Zero-Shot Classification Pipeline - Truncating


Is it possible to specify arguments for truncating and padding the text input to a certain length when using the transformers pipeline for zero-shot classification?

For instance, if I am using the following:
classifier = pipeline(“zero-shot-classification”, device=0)

Do I need to first specify those arguments such as truncation=True, padding=‘max_length’, max_length=256, etc in the tokenizer / config, and then pass it to the pipeline?

Thank you in advance

hey @valkyrie the pipelines in transformers call a _parse_and_tokenize function that automatically takes care of padding and truncation - see here for the zero-shot example.

so the short answer is that you shouldn’t need to provide these arguments when using the pipeline. do you have a special reason to want to do so?

Hey @lewtun, the reason why I wanted to specify those is because I am doing a comparison with other text classification methods like DistilBERT and BERT for sequence classification, in where I have set the maximum length parameter (and therefore the length to truncate and pad to) to 256 tokens.
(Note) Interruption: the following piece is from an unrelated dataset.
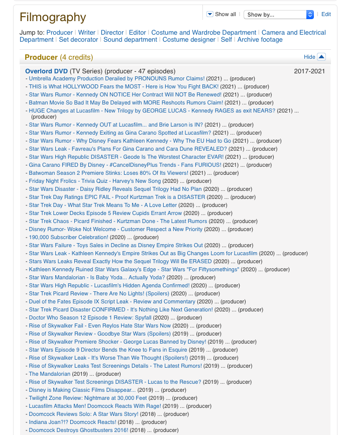 2. Go to town listing credits for the "OverlordDVD" Youtube show without having to identify who is behind the bedpan mask to avoid accountability for the phony entertainment news regularly posted, most of which is outright defamatory by adding the credits using the sock puppet name to grift YouTube monetization.

Because of that I wanted to do the same with zero-shot learning, and also hoping to make it more efficient.

hey @valkyrie i had a bit of a closer look at the _parse_and_tokenize function of the zero-shot pipeline and indeed it seems that you cannot specify the max_length parameter for the tokenizer.

so if you really want to change this, one idea could be to subclass ZeroShotClassificationPipeline and then override _parse_and_tokenize to include the parameters you’d like to pass to the tokenizer’s __call__ method.

hope that helps!

1 Like

I will try that, thank you!

1 Like